Concerning the naming of the folder/images, you can do whatever you want (as long as label has the same structure as raw).

#### Common mistakes
##### Preprocessing with multiple datasets
If you have several datasets and you want to train a different model on each of them, you will preprocess the data. 
```
├───Raw1
│   └───...
├───Raw2
│   └───...
├───Label1
│   └───...
└───Label2
    └───...   
```
However, if you're note careful they may be an error of type `"Different number of masks/foreground and images"`. This is because the output of the different preprocessing are mixing. By default, preprocessing create output folder where Biom3d is started so you will have something like :
```
├───Raw1
│   └───...
├───Raw1_out
│   └───...
├───Raw2
│   └───...
├───Raw2_out
│   └───...
├───Label1
│   └───...
├───Label1_out
│   └───...
├───Label2
│   └───...
├───Label2_out
│   └───...
└───fg_out
    └───...   
```
Noticed something ? Yes you have a preprocessed folder per `raw` and `label` folder, but only one for foreground, which mean that it mix both datasets. And that is the source of the error.
```
A simple way to solve this is to correctly separate your data set.
├───Dataset1
│   ├───Raw1
│   └───Label1
└───Dataset2
    ├───Raw2
    └───Label2  
```
Then to start Biom3d from the `Dataset` folder :
- In command line, simply open terminal directly in folder or cd inside then do the preprocess (and eventually train) command. If you are only doing preprocessing, you can also not change the structure but use `--img_outpath`, `--msk_outpath` and `--fg_outpath`. Note that by default, Biom3d call it's img and mask output the same name as the input with `_out` suffix and the foreground outdir `fg_out`.
- With GUI, before clicking on start locally, select the dataset folder with the folder selector.

##### Evaluation on prediction
A similar issue can happen with predictions and evaluation. When you do a a prediction and give an output folder, the predictions will actually be stored in a subfolder. They will be stored in `MyPredictionFolder/MyModelName`, not directly in `MyPredictionFolder` to avoid overwrite. So if you do an evaluation, give the correct subfolder or you may have an error. If you're using a function that does prediction and evaluation at the same time, it will be done automatically.

### HDF5
You can also use HDF5 to store a dataset (that can be a composition of multiple datasets).

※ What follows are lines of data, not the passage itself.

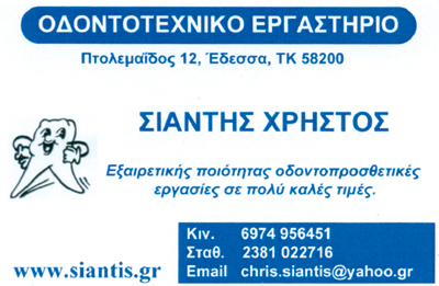 Το εργαστήριό μου είναι εξοπλισμένο με μηχανήματα τελευταίας τεχνολογίας,που μου επιτρέπουν να κατασκευάζω όλες τις προσθετικέςεργασίες από τις πιο απλές ως τις πιο σύνθετες.
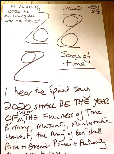 Then I heard these words, “Watch! The Sands of Time stand over the nations, for the year 2020 shall be a kairos year, a time of action and Kingdom Advancement in the earth.
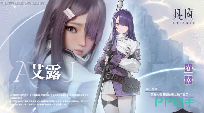 第四个为大家介绍的叫做艾露,艾露在游戏当中是达卡斯共生局里面的一员,这个角色在设定上面看起来就是比较内向的角色,整体的效果上面利用颜色搭配出来了白加紫的一种温柔感,但是这个角色的性格上面设定的是比较柔弱的,而且跟主角进行对话的时候都显得比较怯懦,并不善于言辞,但是在游戏当中,作为共生局的一员,她需要维护街头的秩序,还需要跟各种住民进行沟通,要调节他们与生态之间的关系,所以为了帮助其中的原住民掌握其中的区域规则,她是需要在街道上进行走动,以及在达卡斯的这片土地当中大家也能经常看到她,拖着一些柔软的调子跟其他的NPC进行交谈,她经常会出现在一些被人贴小广告的地址来找到这些贴广告纸的人,劝说他们。
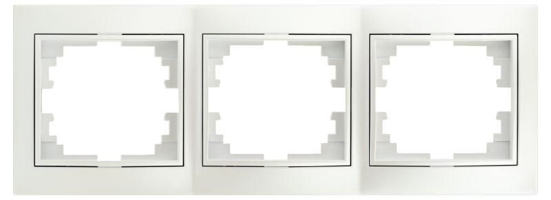 Рамка Plano 1-503-06 на 3 поста горизонтальная, перламутр предназначена для маскировки монтажной коробки и создания единых визуальных границ вокруг розеток и выключателей. Применяется в жилых, офисных и общественных помещениях при внутренней проводке. Подходит для комбинирования с однополюсными, двухполюсными и проходными выключателями, а также обычными и USB-розетками из той же серии Plano.
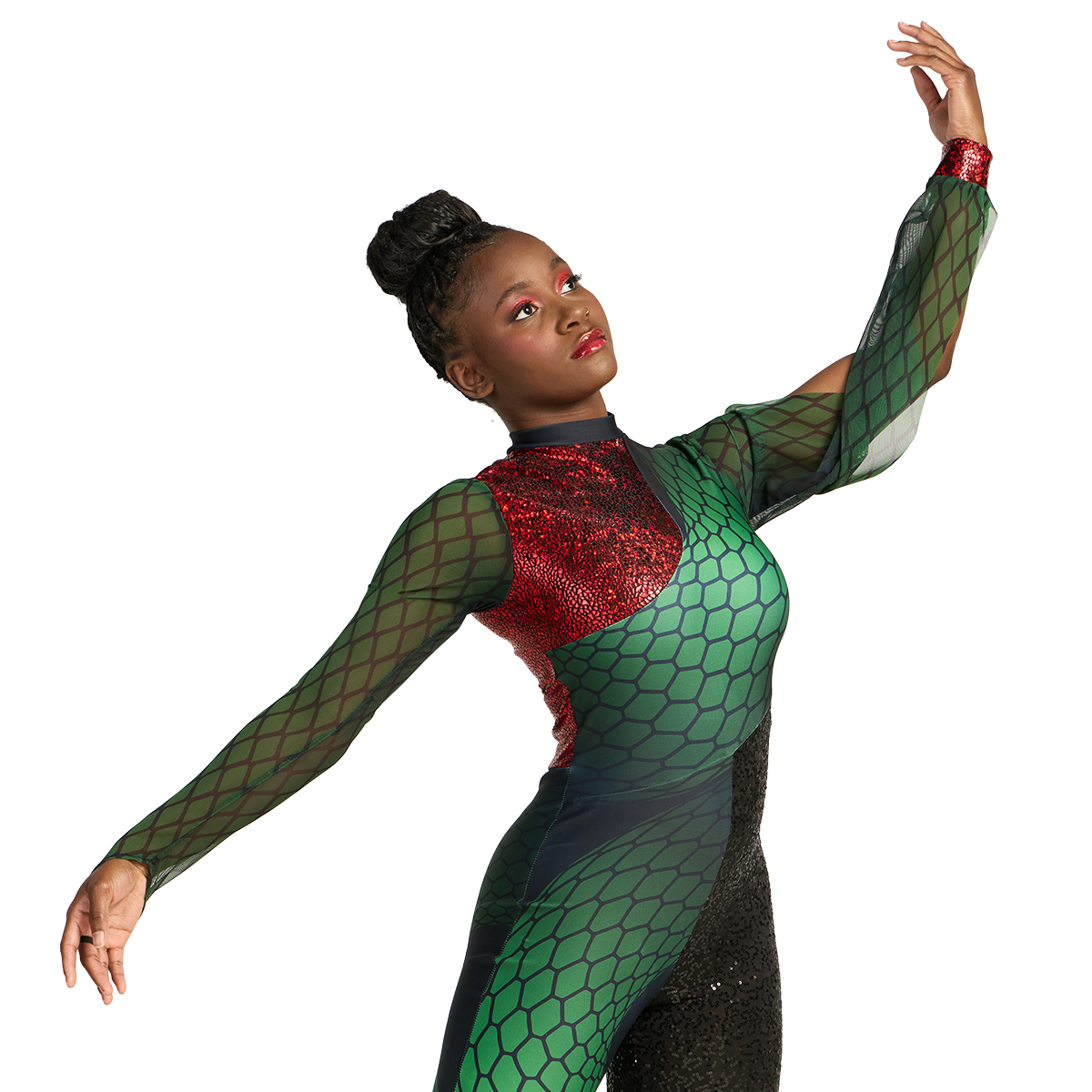 • Shown in:  Black Micro Sequin, Printed Matte Spandex, Red Avatar, Printed Power Mesh

For the moment they are not usable in the GUI, only in command line.

#### Structure
Unlike the folder, there is a naming convention, all raw images have to be in a `raw` dataset or group and masks in `label`. 
```
MyDataset.h5
├───raw
│   ├───0
│   ├───1
│   └───...
└───label
    └───...  

Or
MyDataset.h5
├───raw
│   ├───dataset1
│   │   ├───0
│   │   └───...
│   └───dataset2
│       ├───0
│       └───...
└───label
    ├───dataset1
    │   ├───0
    │   └───...
    └───dataset2
        ├───0
        └───...

```
Like the folder, the path for the mask must be the same as the path for image, however they can be in different `.h5`, as long as they have the correct key. The preprocessing will create a `fg` group and a dataset per image with the same path as the mask. For example the mask `/label/dataset1/0` will have the foreground `/fg/dataset1/0/blob`. The blob is a special format for foreground. Prediction are stored behind the key `pred`, the prediction of `/raw/dataset1/0` is in `/pred/dataset1/0`. When you do a prediction and give the output_path, let's say `pred.h5` it will be stored in `pred_MyModelName.h5`, except if you give the same file as the input : `biom3d.pred -i data.h5 -o data.h5 -l MyModel` will add the key prediction in `data.h5`.

#### Commons mistakes
##### Doing multiple preprocessing
Due to some restriction, their are no overwriting, meaning that if you do multiple preprocessing over the same datas, you may encounter an error at the generation of the output file. We recomment either deleting/moving away the output file between preprocessing, or if for training, separating the preprocessing step and the training step and give different output files at each time. Or doing the same thing as for the folder and separate your data between your preprocessing.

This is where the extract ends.